我正在编写一个脚本来进行一些探索性分析。该脚本引用了ID的API,API响应XML输出(没有子对象)
脚本:
import requests
import xml.etree.ElementTree as et
xml ='''
<?xml version="1.0" encoding="UTF-8"?>
<YM>
<Version>xxx</Version>
<ApiKey>xxx</ApiKey>
<CallID>xxx</CallID>
<></>
<SaPasscode>xxxx</SaPasscode>
<Call Method = "GetIDs">
</Call>
</YM>
'''
headers = {'Content-Type': 'application/x-www-form-urlencoded'}
r = requests.post('url', data=xml, headers=headers)
示例输出:
<Members>
<Sa.Members.All.GetIDs>
<YourMembership_Response>
<ID>1234</ID>
<ID>4321</ID>
</Members>
</Sa.Members.All.GetIDs>
</YourMembership_Response>
我使用这些ID并将它们插入到另一个API调用中,以通过迭代函数将同一脚本中的ID获取更多信息,该函数将上述API调用中的ID解析为另一个获取每个API调用的API调用ID:
脚本:
def xml_event_info(eventID):
xml ='''
<?xml version="1.0" encoding="UTF-8"?>
<YourMembership>
<Version>xxx</Version>
<ApiKey>xxx</ApiKey>
<CallID>xxx</CallID>
<></>
<SaPasscode>xxx</SaPasscode>
<Call Method = "Profile.Get">
<ID>{}</ID>
</Call>
</YourMembership>
'''
headers = {'Content-Type': 'application/x-www-form-urlencoded'}
r = requests.post('url',
data=xml.format(eventID), headers=headers)
print(r.text)
# BUILD XML TREE OBJECT
dom = et.fromstring(r.text)
# PARSE EVENT ID TEXT AND PASS INTO FUNCTION
for i in dom.iterfind('.//ID'):
xml_event_info(i.text)
示例输出(然后显示更多XML对象):
<?xml version="1.0" encoding="utf-8" ?>
<Response>
<ErrCode>xxx</ErrCode>
<ExtendedErrorInfo>xxx</ExtendedErrorInfo>
<Profile.Get>
<ID>xxxx</ID>
<WebsiteID>xxxx</WebsiteID>
<EmailBounced>xxx</EmailBounced>
<NamePrefix>xxx</NamePrefix>
<FirstName>xxx</FirstName>
</Profile.Get>
</Response>
我想从第二个API调用中获取上述示例及其许多XML属性,并将它们映射到pandas数据帧。
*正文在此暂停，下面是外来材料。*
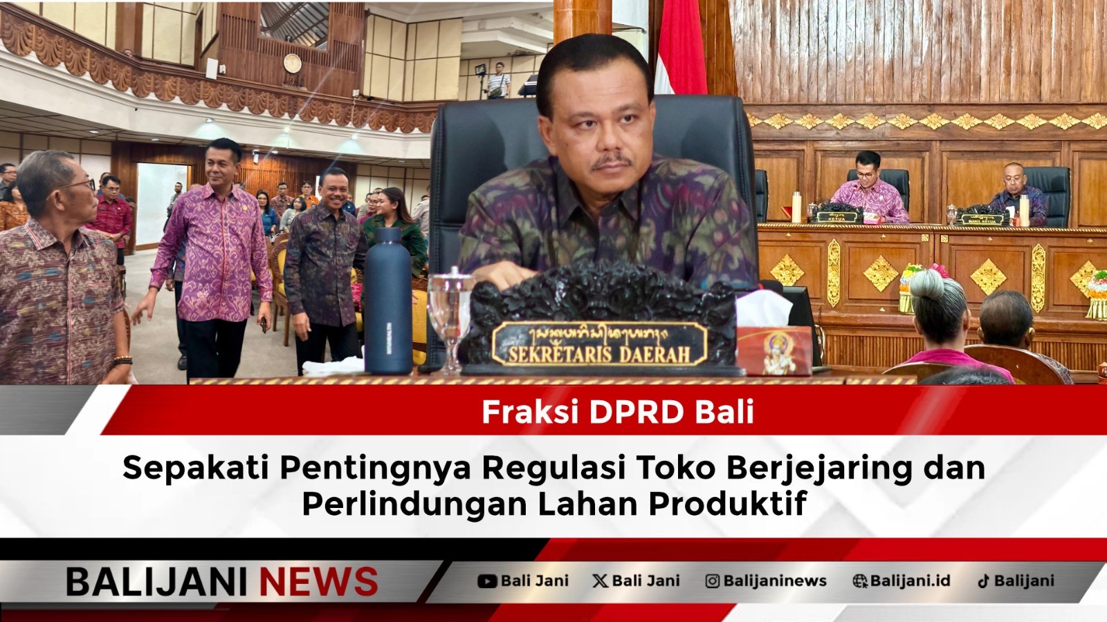 Denpasar, Balijani.id| Fraksi-fraksi DPRD Provinsi Bali menyepakati pentingnya kehadiran regulasi untuk mengendalikan pertumbuhan toko modern berjejaring serta melindungi lahan produktif di Bali. Kesepakatan tersebut mengemuka dalam Rapat Paripurna ke-17 DPRD Provinsi Bali Masa Persidangan I Tahun Sidang 2025–2026 yang digelar di Gedung DPRD Provinsi Bali, Senin (15/12).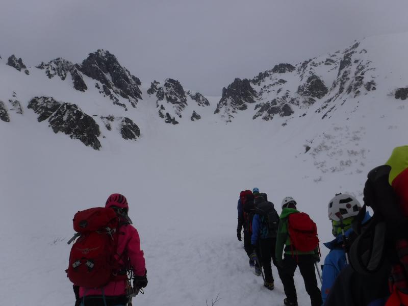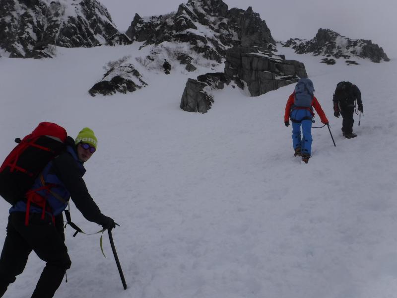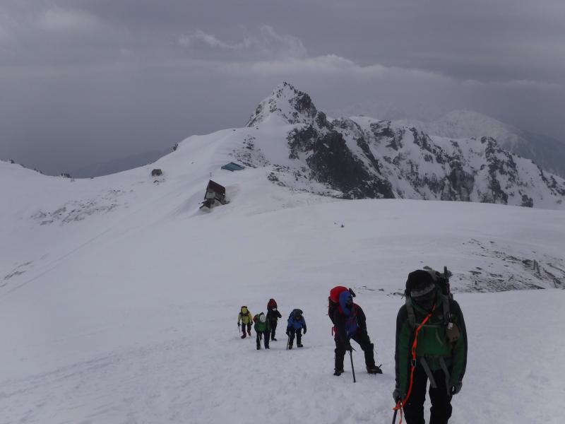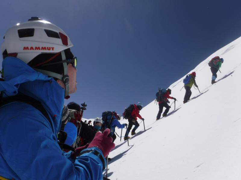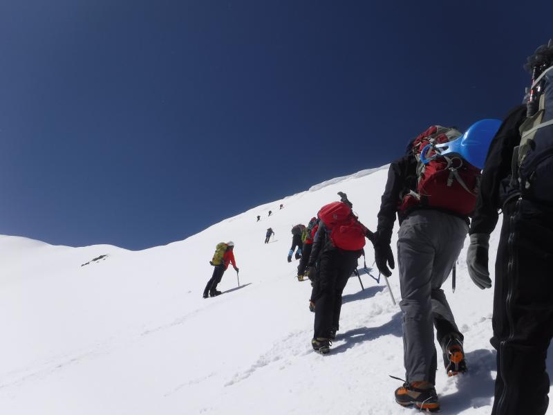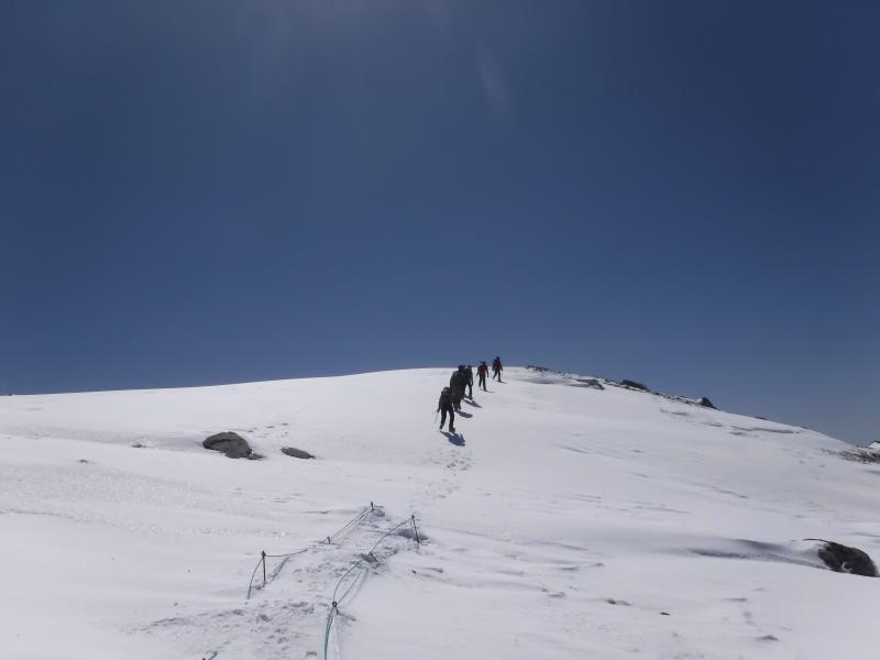 ピッケルで確保を取りながら、アイゼンを効かせて登ります。
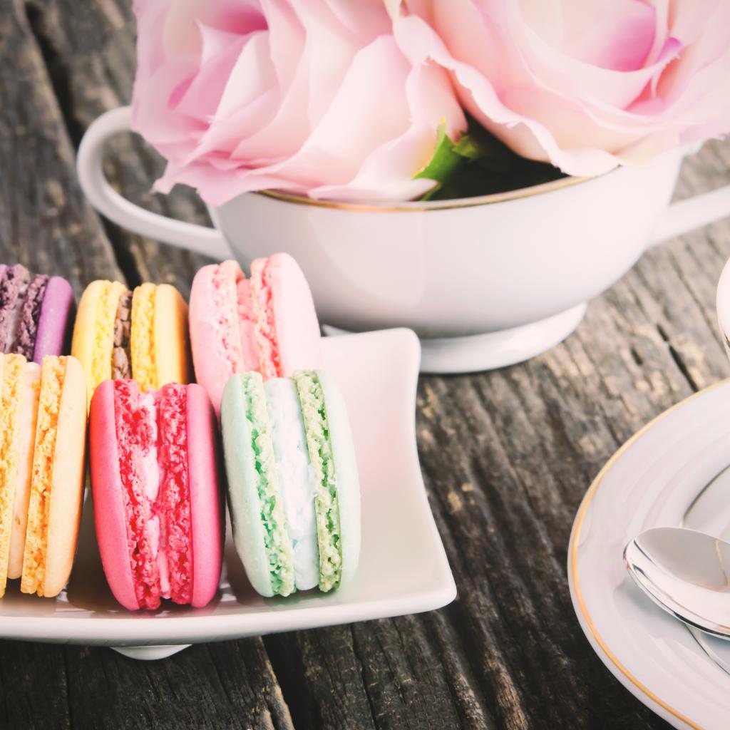 Wallpaper Dessert pasta on the table with tea and rose flowers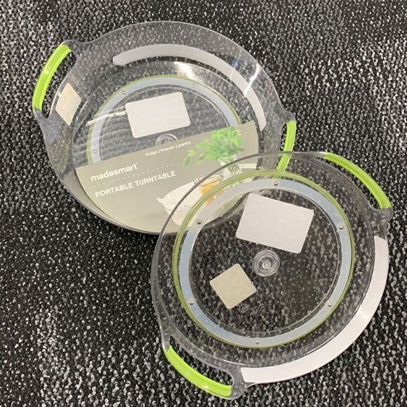 Madesmart Short / Large Portable Turntable, Shallow, Green, Clear Acrylic Bundle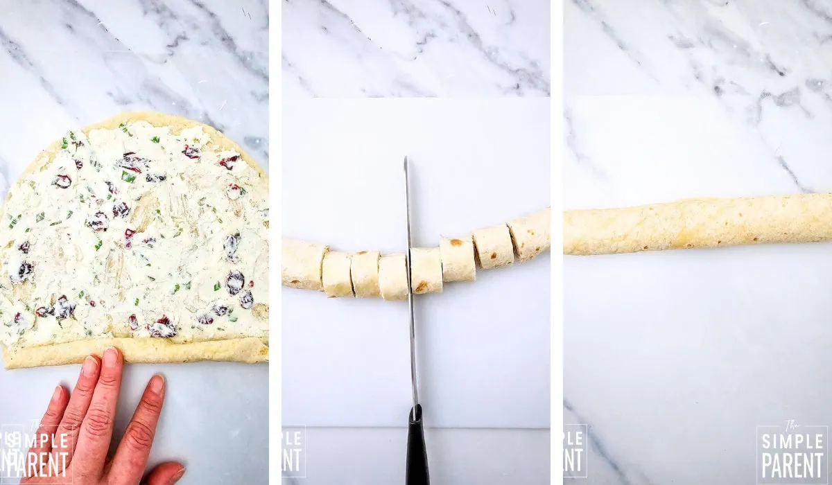 - Spread to the edges โ Getting the filling all the way to the edges helps the pinwheels hold together when you slice them

我遇到的问题是,当我尝试在此处找到的for循环内部使用函数(xml_event_info(i.text))
时,它保存第二个API调用输出:
# PARSE EVENT ID TEXT AND PASS INTO FUNCTION
for i in dom.iterfind('.//ID'):
xml_event_info(i.text)
我正在尝试映射xml以映射到数据框中并且我不断收到错误&#39; TypeError:Parse()参数1必须是字符串或只读缓冲区,而不是无&#39; < /强>
如何将多个API调用的XML输出解析为pandas数据帧,其中每个XML标记都是数据帧的标题
Example:
---|ErrCode|ExtendedInfo|ID|FirstName----
我所指的完成工作的脚本和网站可在此处找到(http://www.austintaylor.io/lxml/python/pandas/xml/dataframe/2016/07/08/convert-xml-to-pandas-dataframe/)
脚本:
def xml2df():
tree = et.fromstring(xml_event_info(i.text))
root = tree.getroot()
all_records = []
headers = []
for i, child in enumerate(root):
record = []
for subchild in child:
record.append(subchild.text)
if subchild.tag not in headers:
headers.append(subchild.tag)
all_records.append(record)
return pd.DataFrame(all_records, columns=headers)
完整的脚本:
import requests
import xml.etree.ElementTree as et
import pandas as pd
from lxml import etree
xml ='''
<?xml version="1.0" encoding="UTF-8"?>
<YourMembership>
<Version>xxx</Version>
<ApiKey>xxxx</ApiKey>
<CallID>xxx</CallID>
<></>
<SaPasscode>xxx</SaPasscode>
<Call Method = "Events.All.GetIDs">
<StartDate>2017/01/1</StartDate>
<EndDate>2017/01/31</EndDate>
</Call>
</YourMembership>
'''
headers = {'Content-Type': 'application/x-www-form-urlencoded'}
r = requests.post('url', data=xml, headers=headers)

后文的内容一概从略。